Activity:
Copy out the data word for word, without any of its pictures.

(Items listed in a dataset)
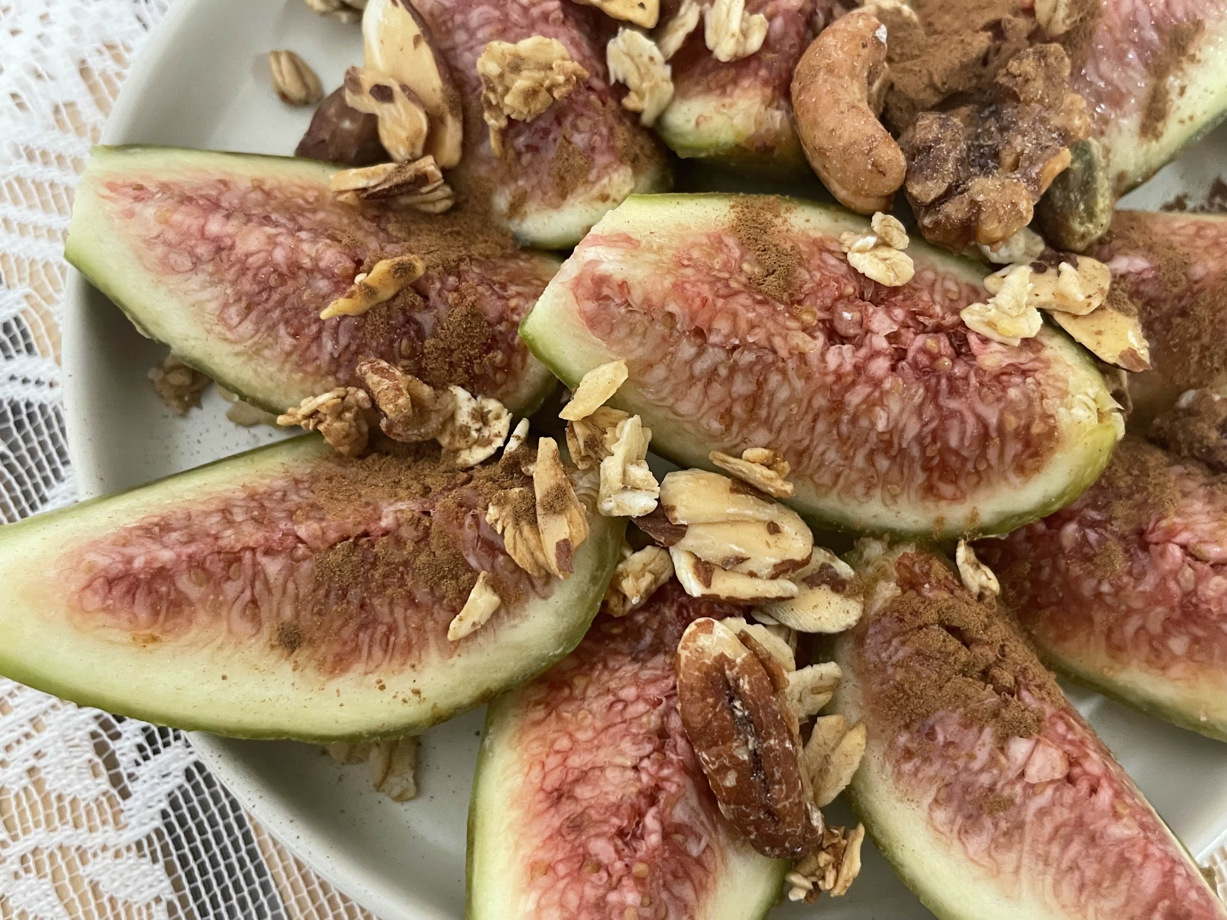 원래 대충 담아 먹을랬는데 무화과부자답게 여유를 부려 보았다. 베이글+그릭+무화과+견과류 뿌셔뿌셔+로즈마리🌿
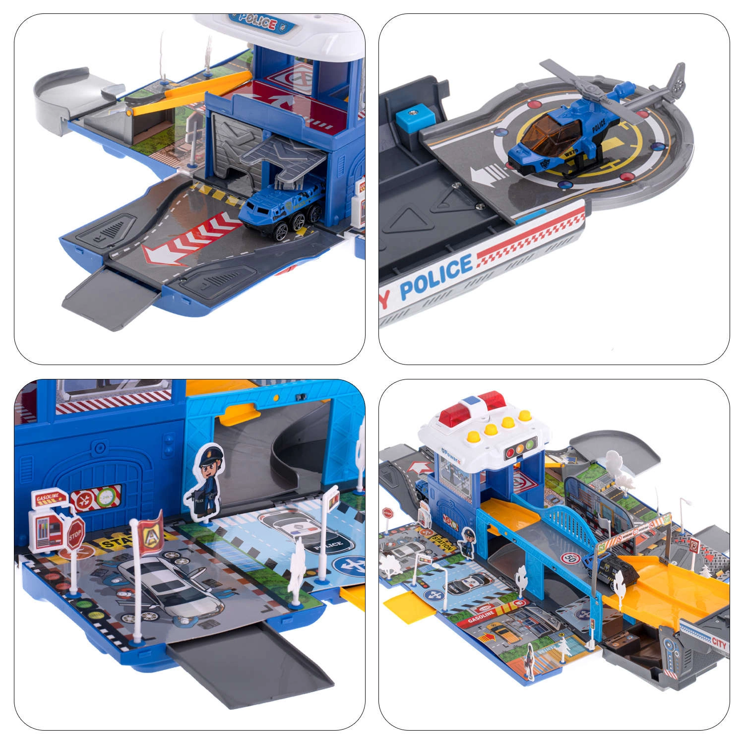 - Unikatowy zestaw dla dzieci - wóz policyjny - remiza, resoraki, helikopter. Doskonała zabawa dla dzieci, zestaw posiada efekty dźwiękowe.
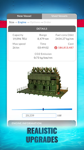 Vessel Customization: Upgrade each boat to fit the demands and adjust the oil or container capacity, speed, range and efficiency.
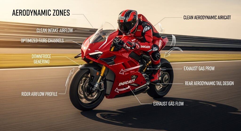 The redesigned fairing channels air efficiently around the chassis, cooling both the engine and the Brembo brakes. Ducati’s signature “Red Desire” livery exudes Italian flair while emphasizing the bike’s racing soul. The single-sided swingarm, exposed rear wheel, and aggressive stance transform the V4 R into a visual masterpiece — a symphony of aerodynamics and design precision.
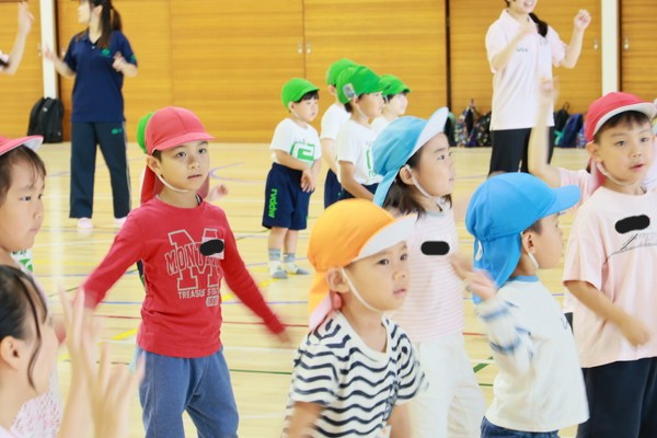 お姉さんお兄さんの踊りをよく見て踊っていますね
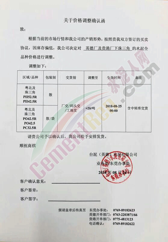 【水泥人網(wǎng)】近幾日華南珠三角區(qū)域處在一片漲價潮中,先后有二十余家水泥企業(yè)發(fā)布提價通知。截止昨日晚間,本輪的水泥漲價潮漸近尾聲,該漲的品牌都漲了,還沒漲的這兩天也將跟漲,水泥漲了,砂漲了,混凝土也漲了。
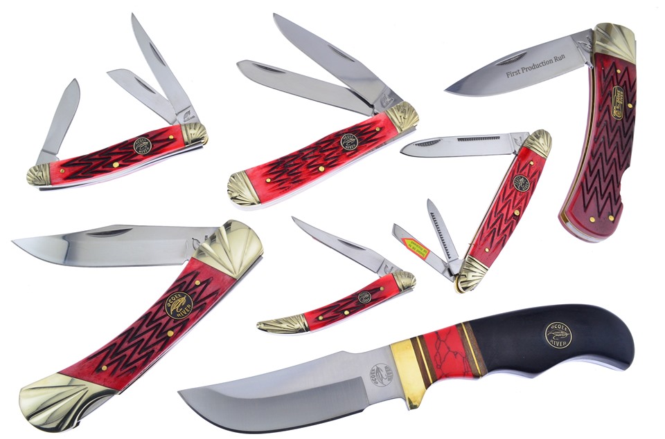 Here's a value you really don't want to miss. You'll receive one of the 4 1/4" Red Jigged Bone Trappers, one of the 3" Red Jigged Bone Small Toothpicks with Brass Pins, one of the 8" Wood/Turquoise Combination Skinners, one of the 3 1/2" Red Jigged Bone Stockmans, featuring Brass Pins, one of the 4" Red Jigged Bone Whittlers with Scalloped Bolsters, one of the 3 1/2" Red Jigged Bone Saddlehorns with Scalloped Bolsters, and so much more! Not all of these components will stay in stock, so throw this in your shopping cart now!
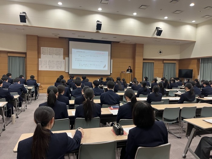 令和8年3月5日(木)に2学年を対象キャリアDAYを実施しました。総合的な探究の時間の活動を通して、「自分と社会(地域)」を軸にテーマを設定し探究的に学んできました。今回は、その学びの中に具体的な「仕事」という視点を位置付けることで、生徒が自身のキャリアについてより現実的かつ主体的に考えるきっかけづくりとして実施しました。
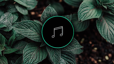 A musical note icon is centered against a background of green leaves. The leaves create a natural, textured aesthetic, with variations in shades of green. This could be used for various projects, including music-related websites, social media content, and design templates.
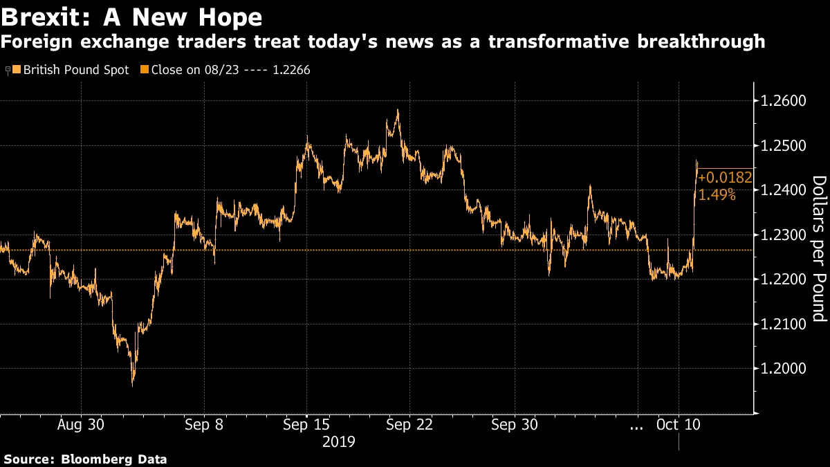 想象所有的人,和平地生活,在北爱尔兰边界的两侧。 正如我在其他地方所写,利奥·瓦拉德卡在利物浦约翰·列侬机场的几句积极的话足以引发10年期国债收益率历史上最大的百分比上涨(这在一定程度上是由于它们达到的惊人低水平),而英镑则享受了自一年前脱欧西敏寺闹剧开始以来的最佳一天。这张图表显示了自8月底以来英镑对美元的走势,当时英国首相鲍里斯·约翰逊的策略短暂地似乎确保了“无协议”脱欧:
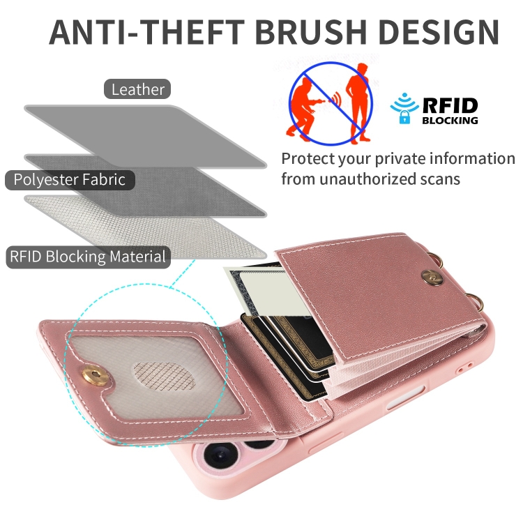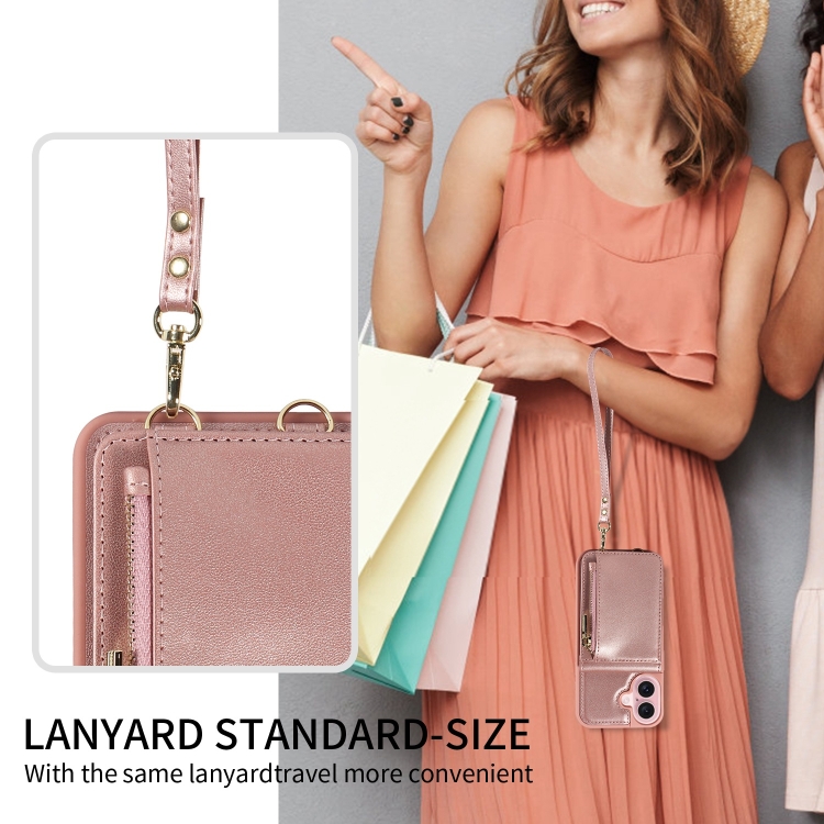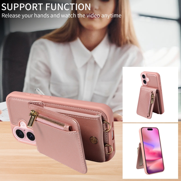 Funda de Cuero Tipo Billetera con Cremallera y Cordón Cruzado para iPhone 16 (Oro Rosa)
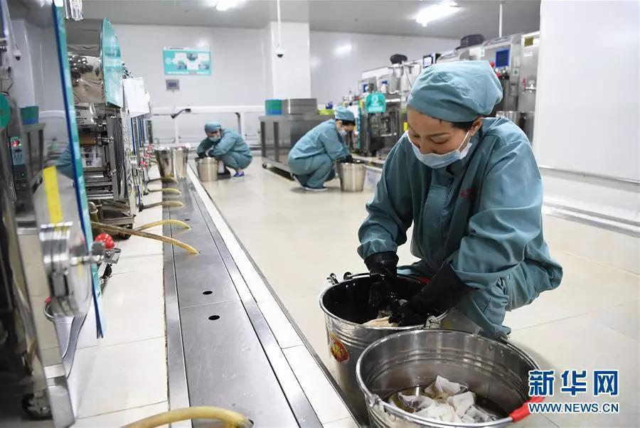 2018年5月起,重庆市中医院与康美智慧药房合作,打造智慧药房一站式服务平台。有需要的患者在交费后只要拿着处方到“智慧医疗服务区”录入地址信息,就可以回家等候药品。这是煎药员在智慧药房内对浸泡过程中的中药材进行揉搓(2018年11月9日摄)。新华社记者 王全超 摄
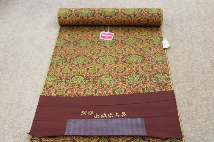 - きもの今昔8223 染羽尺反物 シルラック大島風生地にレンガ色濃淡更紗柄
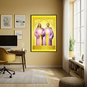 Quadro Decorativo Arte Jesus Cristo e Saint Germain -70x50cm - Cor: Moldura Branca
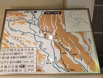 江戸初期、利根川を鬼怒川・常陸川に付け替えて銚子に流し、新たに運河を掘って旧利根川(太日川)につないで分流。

Task result:
 원래 대충 담아 먹을랬는데 무화과부자답게 여유를 부려 보았다. 베이글+그릭+무화과+견과류 뿌셔뿌셔+로즈마리🌿
 - Unikatowy zestaw dla dzieci - wóz policyjny - remiza, resoraki, helikopter. Doskonała zabawa dla dzieci, zestaw posiada efekty dźwiękowe.
 Vessel Customization: Upgrade each boat to fit the demands and adjust the oil or container capacity, speed, range and efficiency.
 The redesigned fairing channels air efficiently around the chassis, cooling both the engine and the Brembo brakes. Ducati’s signature “Red Desire” livery exudes Italian flair while emphasizing the bike’s racing soul. The single-sided swingarm, exposed rear wheel, and aggressive stance transform the V4 R into a visual masterpiece — a symphony of aerodynamics and design precision.
 お姉さんお兄さんの踊りをよく見て踊っていますね
 【水泥人網(wǎng)】近幾日華南珠三角區(qū)域處在一片漲價潮中,先后有二十余家水泥企業(yè)發(fā)布提價通知。截止昨日晚間,本輪的水泥漲價潮漸近尾聲,該漲的品牌都漲了,還沒漲的這兩天也將跟漲,水泥漲了,砂漲了,混凝土也漲了。
 Here's a value you really don't want to miss. You'll receive one of the 4 1/4" Red Jigged Bone Trappers, one of the 3" Red Jigged Bone Small Toothpicks with Brass Pins, one of the 8" Wood/Turquoise Combination Skinners, one of the 3 1/2" Red Jigged Bone Stockmans, featuring Brass Pins, one of the 4" Red Jigged Bone Whittlers with Scalloped Bolsters, one of the 3 1/2" Red Jigged Bone Saddlehorns with Scalloped Bolsters, and so much more! Not all of these components will stay in stock, so throw this in your shopping cart now!
 令和8年3月5日(木)に2学年を対象キャリアDAYを実施しました。総合的な探究の時間の活動を通して、「自分と社会(地域)」を軸にテーマを設定し探究的に学んできました。今回は、その学びの中に具体的な「仕事」という視点を位置付けることで、生徒が自身のキャリアについてより現実的かつ主体的に考えるきっかけづくりとして実施しました。
 A musical note icon is centered against a background of green leaves. The leaves create a natural, textured aesthetic, with variations in shades of green. This could be used for various projects, including music-related websites, social media content, and design templates.
 想象所有的人,和平地生活,在北爱尔兰边界的两侧。 正如我在其他地方所写,利奥·瓦拉德卡在利物浦约翰·列侬机场的几句积极的话足以引发10年期国债收益率历史上最大的百分比上涨(这在一定程度上是由于它们达到的惊人低水平),而英镑则享受了自一年前脱欧西敏寺闹剧开始以来的最佳一天。这张图表显示了自8月底以来英镑对美元的走势,当时英国首相鲍里斯·约翰逊的策略短暂地似乎确保了“无协议”脱欧:
 Funda de Cuero Tipo Billetera con Cremallera y Cordón Cruzado para iPhone 16 (Oro Rosa)
 2018年5月起,重庆市中医院与康美智慧药房合作,打造智慧药房一站式服务平台。有需要的患者在交费后只要拿着处方到“智慧医疗服务区”录入地址信息,就可以回家等候药品。这是煎药员在智慧药房内对浸泡过程中的中药材进行揉搓(2018年11月9日摄)。新华社记者 王全超 摄
 - きもの今昔8223 染羽尺反物 シルラック大島風生地にレンガ色濃淡更紗柄
 Quadro Decorativo Arte Jesus Cristo e Saint Germain -70x50cm - Cor: Moldura Branca
 江戸初期、利根川を鬼怒川・常陸川に付け替えて銚子に流し、新たに運河を掘って旧利根川(太日川)につないで分流。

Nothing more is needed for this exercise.